=== WORK TO BE COMPLETED ===
Return exactly, with nothing added, the lines from the one that contains "Vermont artisans handcraft" through the end of the listing below, pictures excluded.

=== SUPPLIED INFORMATION ===
__________

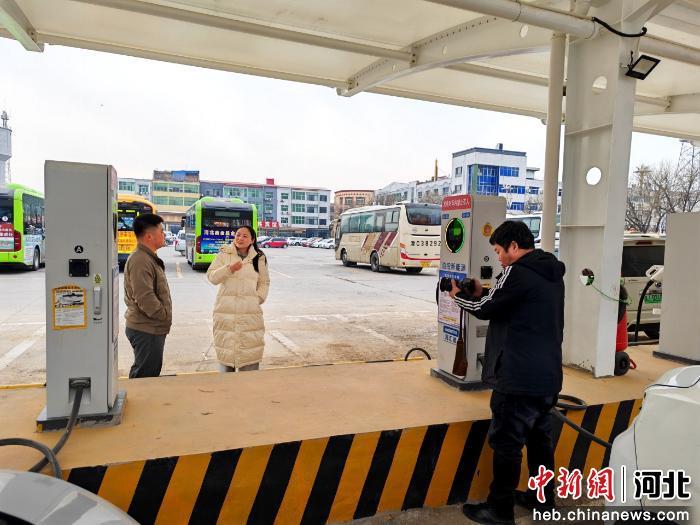 图为自媒体工作者了解本地新增新能源汽车充电桩情况。 赵琳 摄
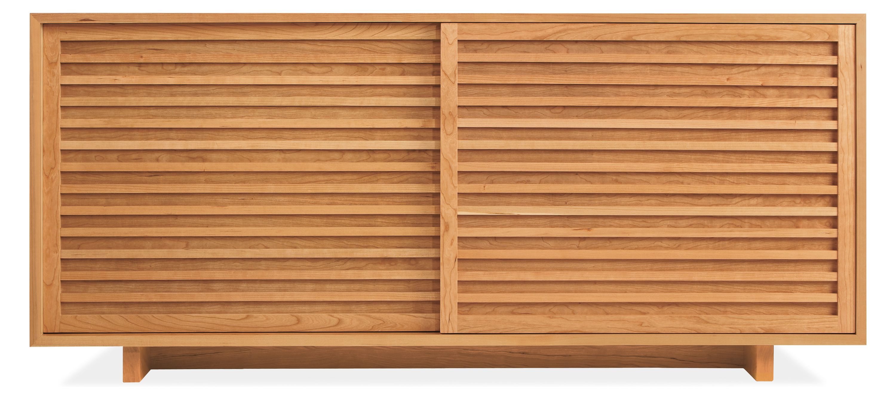 Vermont artisans handcraft our Moro storage cabinet, applying solid wood bands to sliding doors for a space-efficient design that has a subtly Japanese-influenced style.
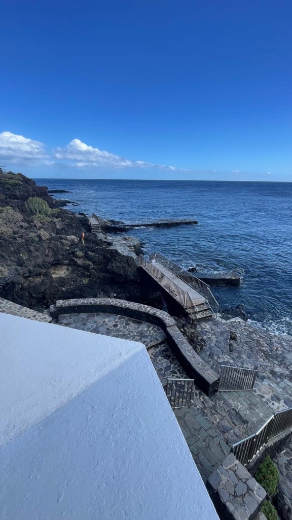 A poca distanza, abbiamo raggiunto Tamaduste, un altro angolo incantevole dell’isola. Il villaggio si affaccia su una baia riparata, dove l’oceano si insinua tra le rocce laviche creando un paesaggio quasi surreale. Qui una lunga passerella in legno, punteggiata di ombrelloni, invita a passeggiate rilassanti con vista sull’oceano.

__________

=== SOLUTION TO THE EXERCISE ===
 Vermont artisans handcraft our Moro storage cabinet, applying solid wood bands to sliding doors for a space-efficient design that has a subtly Japanese-influenced style.
 A poca distanza, abbiamo raggiunto Tamaduste, un altro angolo incantevole dell’isola. Il villaggio si affaccia su una baia riparata, dove l’oceano si insinua tra le rocce laviche creando un paesaggio quasi surreale. Qui una lunga passerella in legno, punteggiata di ombrelloni, invita a passeggiate rilassanti con vista sull’oceano.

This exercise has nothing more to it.